┌──
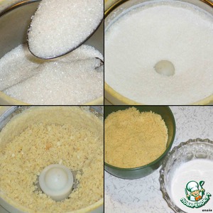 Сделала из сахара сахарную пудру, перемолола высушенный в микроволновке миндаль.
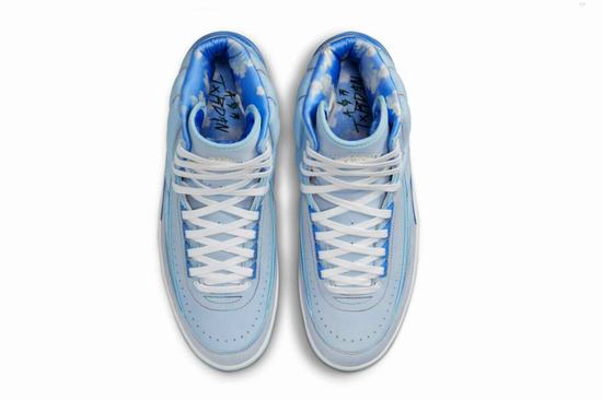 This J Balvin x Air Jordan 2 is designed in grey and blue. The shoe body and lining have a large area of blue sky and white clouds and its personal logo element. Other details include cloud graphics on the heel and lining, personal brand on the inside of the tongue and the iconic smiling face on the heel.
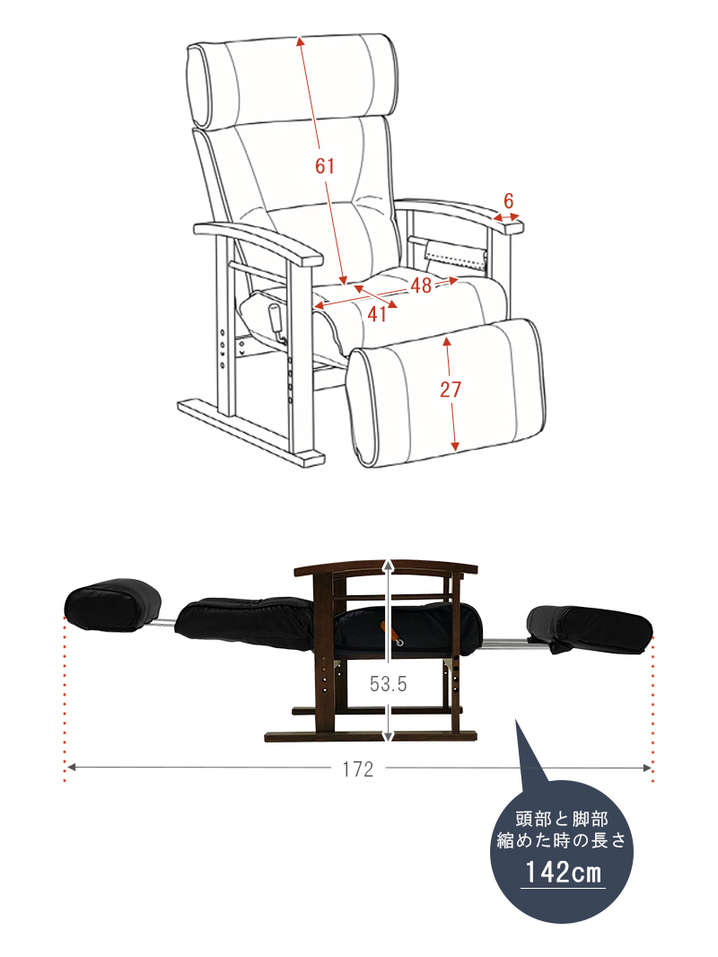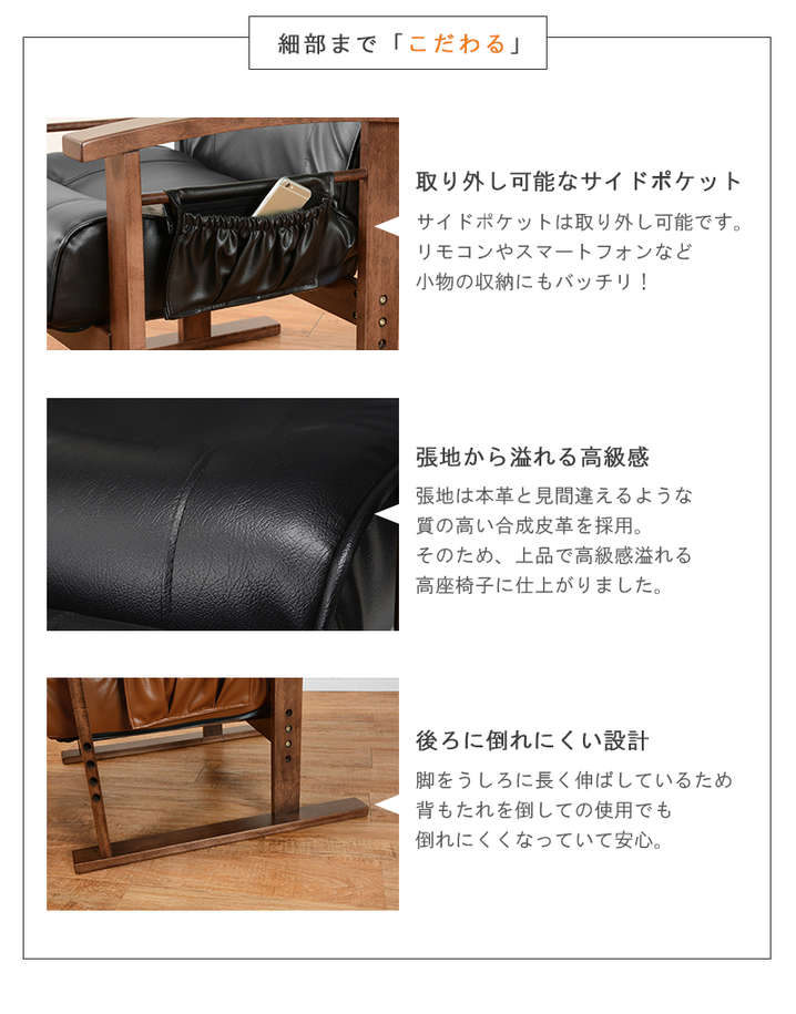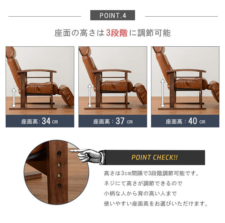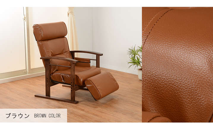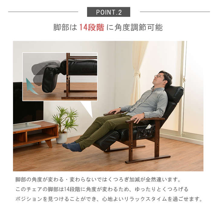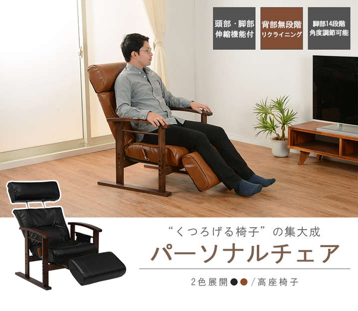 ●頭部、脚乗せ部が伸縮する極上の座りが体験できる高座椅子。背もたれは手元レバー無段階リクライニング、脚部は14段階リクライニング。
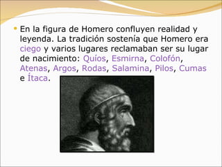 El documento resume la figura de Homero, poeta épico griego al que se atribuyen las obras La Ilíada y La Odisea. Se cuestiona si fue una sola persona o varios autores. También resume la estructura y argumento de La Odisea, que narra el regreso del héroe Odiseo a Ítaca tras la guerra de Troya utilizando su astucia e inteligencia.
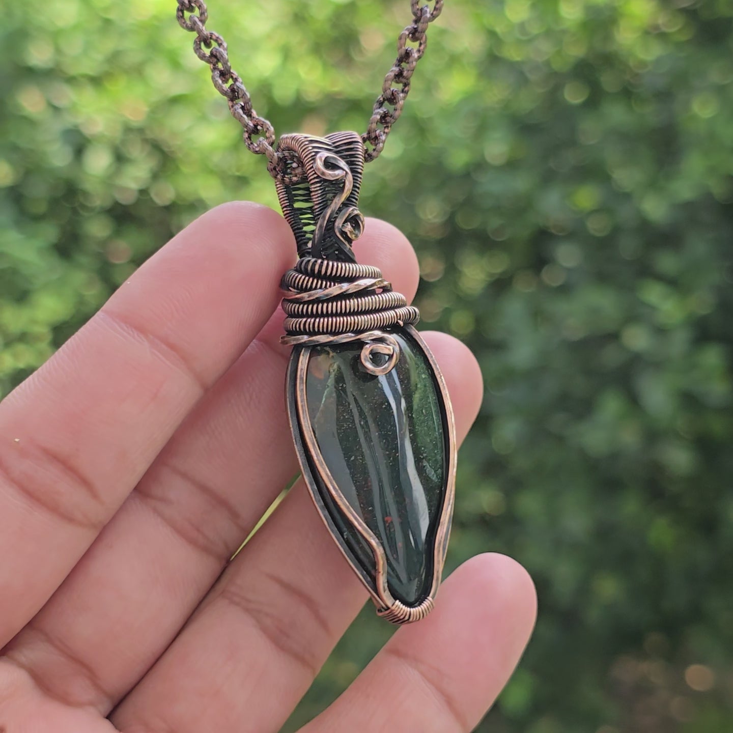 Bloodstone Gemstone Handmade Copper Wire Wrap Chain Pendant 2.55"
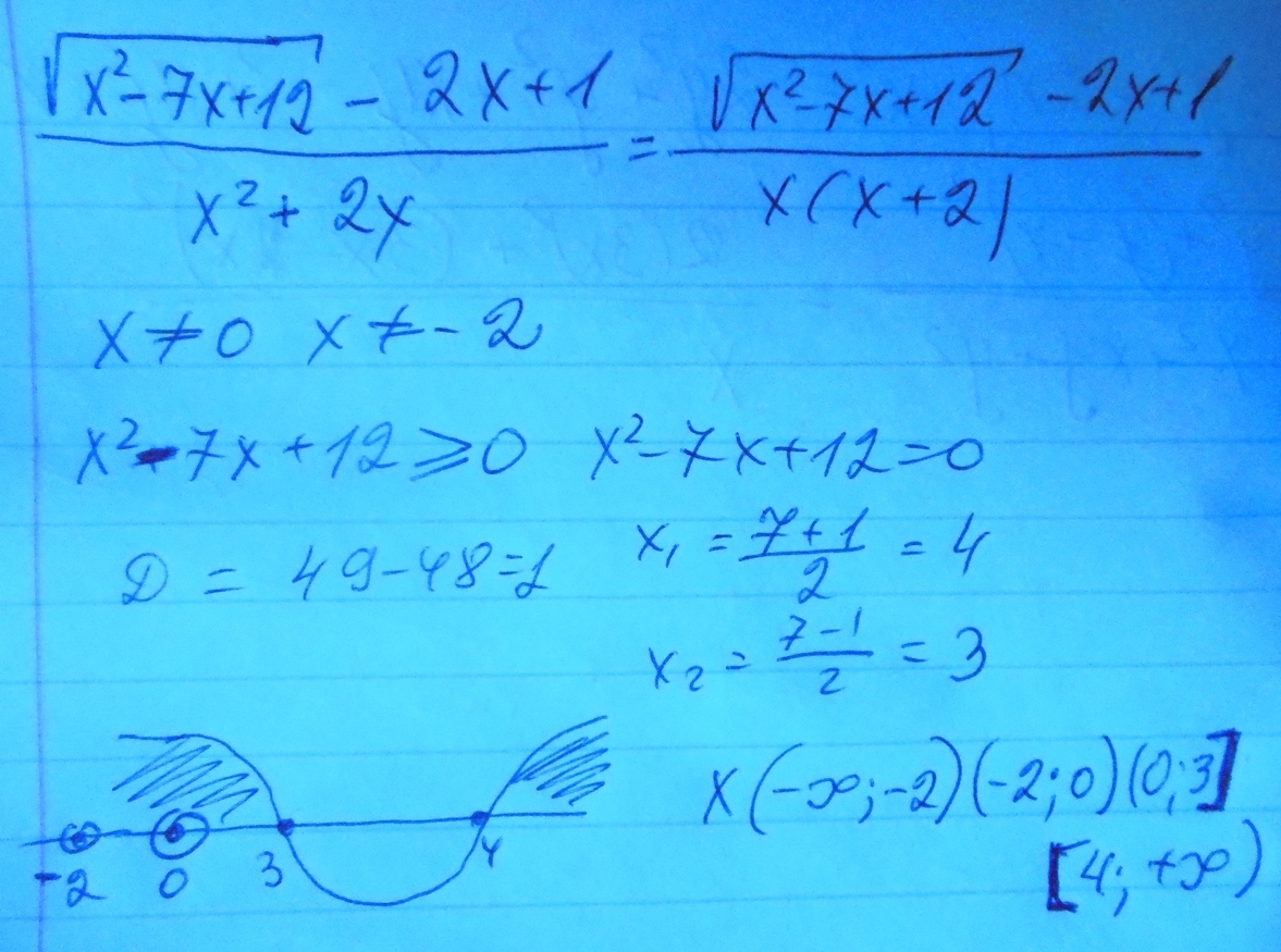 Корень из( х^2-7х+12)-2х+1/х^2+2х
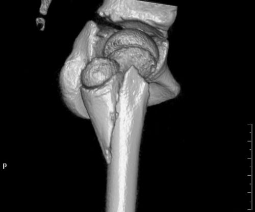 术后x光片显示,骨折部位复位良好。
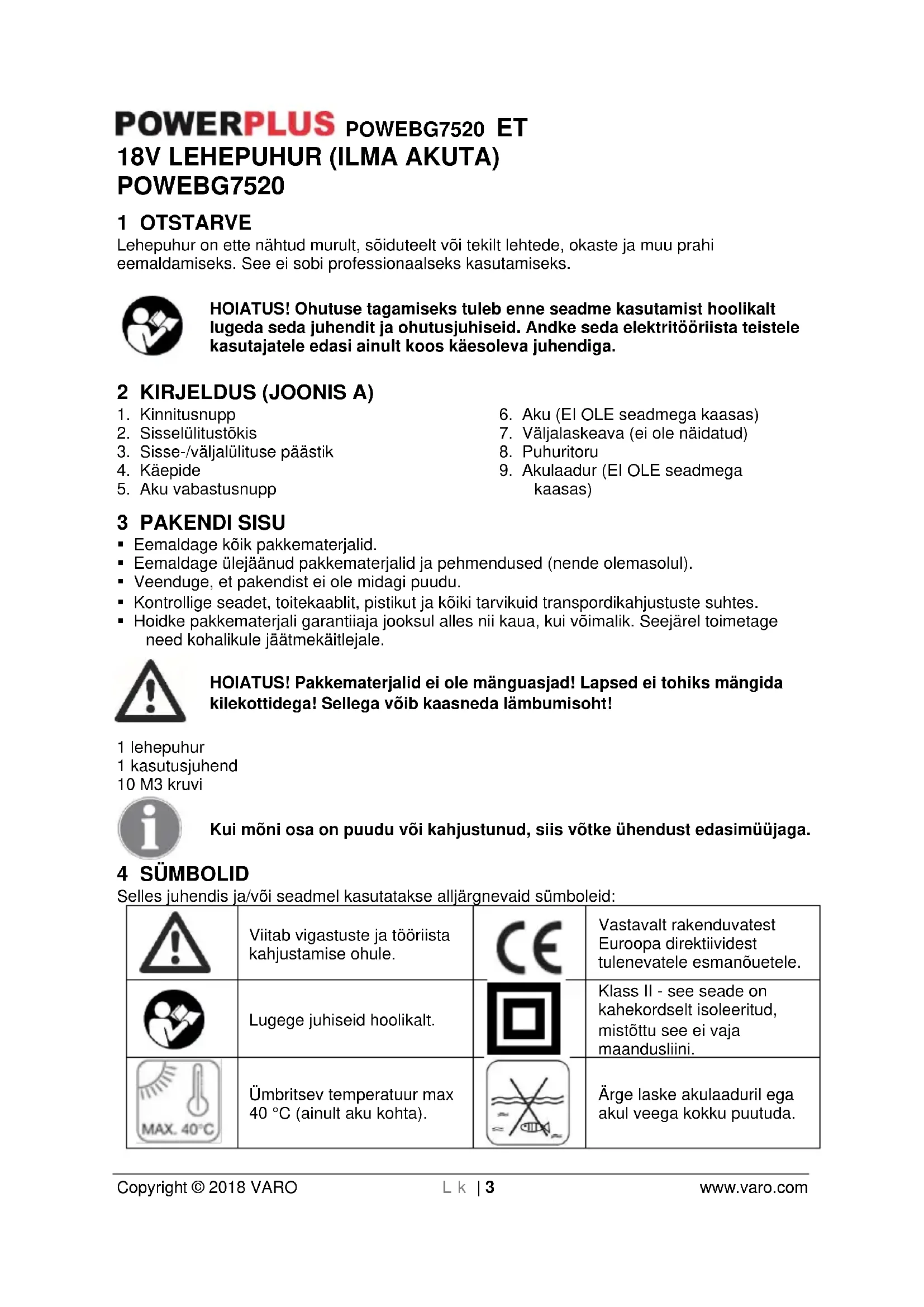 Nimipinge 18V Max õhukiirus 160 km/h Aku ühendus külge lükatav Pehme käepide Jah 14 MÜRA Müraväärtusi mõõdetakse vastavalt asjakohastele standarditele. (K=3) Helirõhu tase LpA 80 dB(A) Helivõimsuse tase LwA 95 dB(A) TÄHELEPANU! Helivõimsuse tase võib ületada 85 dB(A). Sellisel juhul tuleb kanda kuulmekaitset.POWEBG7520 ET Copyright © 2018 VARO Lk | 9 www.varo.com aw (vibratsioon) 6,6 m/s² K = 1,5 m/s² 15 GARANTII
└──
__YOUR GOAL__. What is needed is an exact copy of the records above, with no pictures in it.

__YOUR RESPONSE__.
 Сделала из сахара сахарную пудру, перемолола высушенный в микроволновке миндаль.
 This J Balvin x Air Jordan 2 is designed in grey and blue. The shoe body and lining have a large area of blue sky and white clouds and its personal logo element. Other details include cloud graphics on the heel and lining, personal brand on the inside of the tongue and the iconic smiling face on the heel.
 ●頭部、脚乗せ部が伸縮する極上の座りが体験できる高座椅子。背もたれは手元レバー無段階リクライニング、脚部は14段階リクライニング。
 El documento resume la figura de Homero, poeta épico griego al que se atribuyen las obras La Ilíada y La Odisea. Se cuestiona si fue una sola persona o varios autores. También resume la estructura y argumento de La Odisea, que narra el regreso del héroe Odiseo a Ítaca tras la guerra de Troya utilizando su astucia e inteligencia.
 Bloodstone Gemstone Handmade Copper Wire Wrap Chain Pendant 2.55"
 Корень из( х^2-7х+12)-2х+1/х^2+2х
 术后x光片显示,骨折部位复位良好。
 Nimipinge 18V Max õhukiirus 160 km/h Aku ühendus külge lükatav Pehme käepide Jah 14 MÜRA Müraväärtusi mõõdetakse vastavalt asjakohastele standarditele. (K=3) Helirõhu tase LpA 80 dB(A) Helivõimsuse tase LwA 95 dB(A) TÄHELEPANU! Helivõimsuse tase võib ületada 85 dB(A). Sellisel juhul tuleb kanda kuulmekaitset.POWEBG7520 ET Copyright © 2018 VARO Lk | 9 www.varo.com aw (vibratsioon) 6,6 m/s² K = 1,5 m/s² 15 GARANTII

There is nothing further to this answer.